■ **COLLECTED MATERIAL**:
--- --- ---
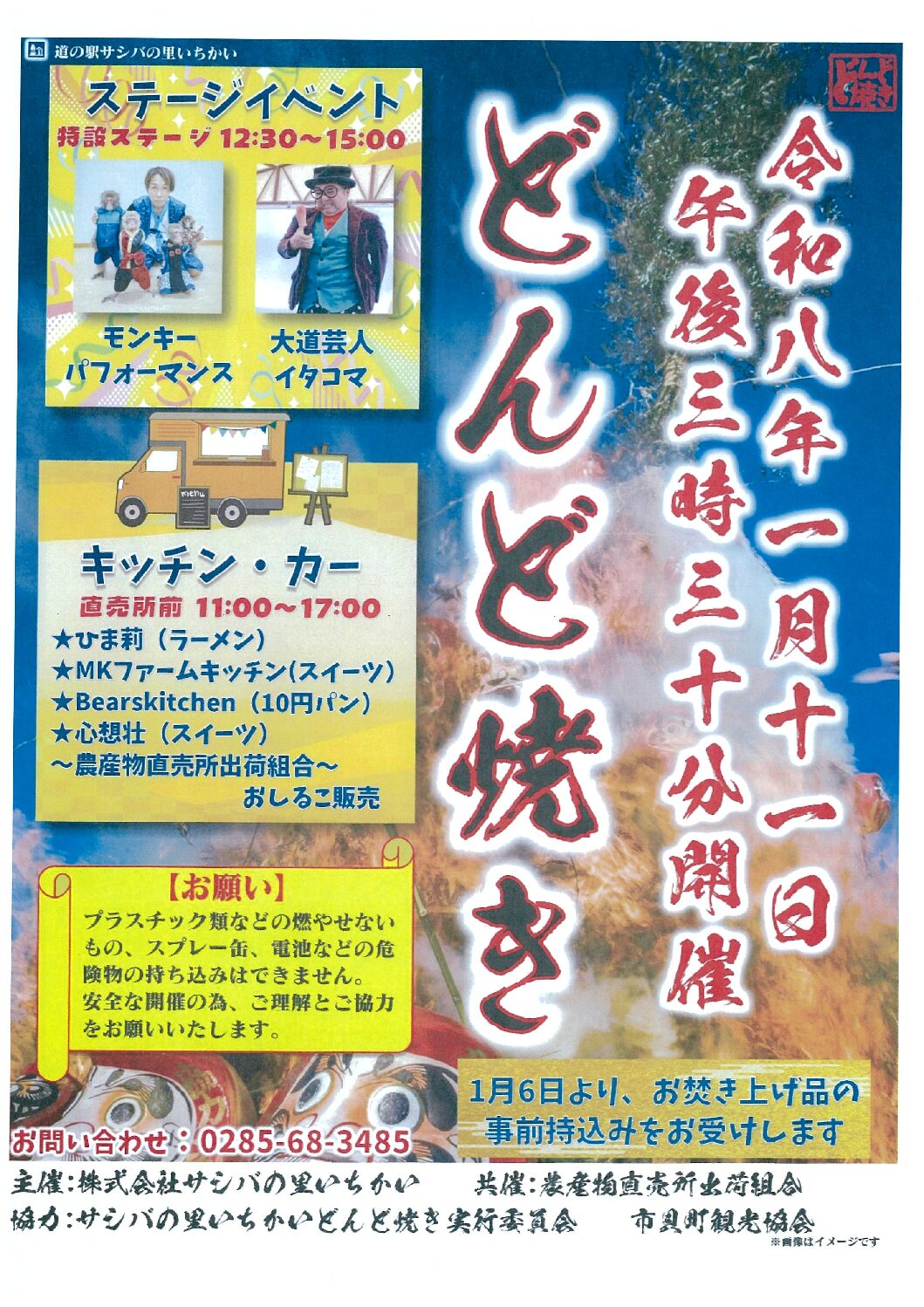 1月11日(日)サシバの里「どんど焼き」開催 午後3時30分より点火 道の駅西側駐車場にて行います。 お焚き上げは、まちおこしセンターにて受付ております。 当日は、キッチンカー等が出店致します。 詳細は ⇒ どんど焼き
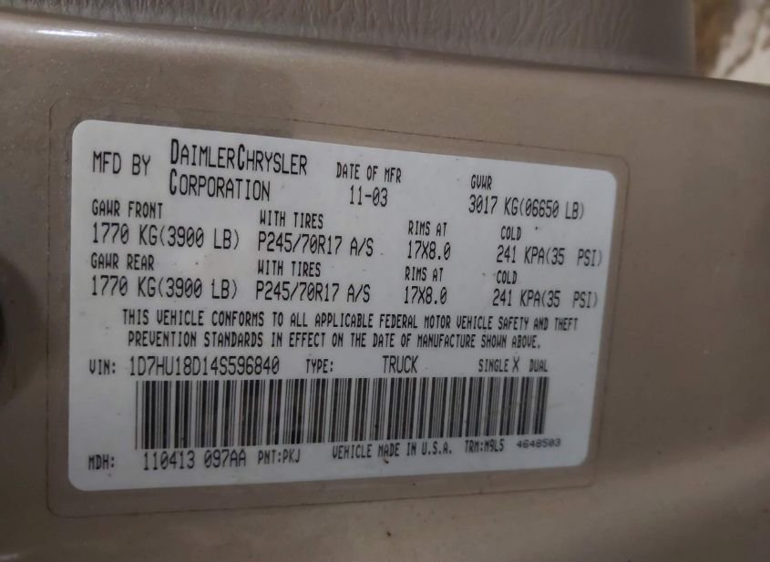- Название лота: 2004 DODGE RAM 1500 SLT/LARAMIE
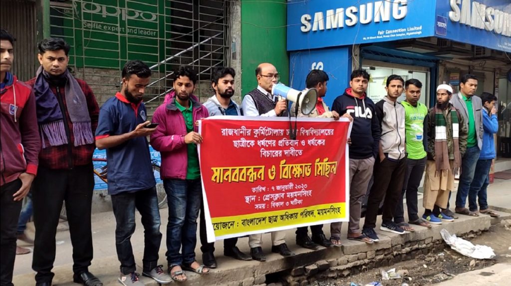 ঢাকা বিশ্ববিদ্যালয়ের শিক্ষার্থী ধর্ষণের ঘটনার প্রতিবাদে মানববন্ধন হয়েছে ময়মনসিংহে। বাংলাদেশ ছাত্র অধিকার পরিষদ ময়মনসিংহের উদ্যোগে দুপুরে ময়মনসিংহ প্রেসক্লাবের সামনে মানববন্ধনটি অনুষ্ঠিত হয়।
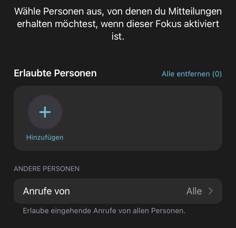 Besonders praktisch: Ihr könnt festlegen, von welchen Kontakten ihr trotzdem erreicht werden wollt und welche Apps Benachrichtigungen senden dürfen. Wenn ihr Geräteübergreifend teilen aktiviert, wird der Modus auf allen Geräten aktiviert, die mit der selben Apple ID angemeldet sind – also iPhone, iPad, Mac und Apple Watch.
--- --- ---
Nothing but the lines from the one that contains "- Название лота: 2004" through the last line of the material should be written out, exactly. Omit pictures.

■ **ANSWER TO THIS EXERCISE**:
- Название лота: 2004 DODGE RAM 1500 SLT/LARAMIE
 ঢাকা বিশ্ববিদ্যালয়ের শিক্ষার্থী ধর্ষণের ঘটনার প্রতিবাদে মানববন্ধন হয়েছে ময়মনসিংহে। বাংলাদেশ ছাত্র অধিকার পরিষদ ময়মনসিংহের উদ্যোগে দুপুরে ময়মনসিংহ প্রেসক্লাবের সামনে মানববন্ধনটি অনুষ্ঠিত হয়।
 Besonders praktisch: Ihr könnt festlegen, von welchen Kontakten ihr trotzdem erreicht werden wollt und welche Apps Benachrichtigungen senden dürfen. Wenn ihr Geräteübergreifend teilen aktiviert, wird der Modus auf allen Geräten aktiviert, die mit der selben Apple ID angemeldet sind – also iPhone, iPad, Mac und Apple Watch.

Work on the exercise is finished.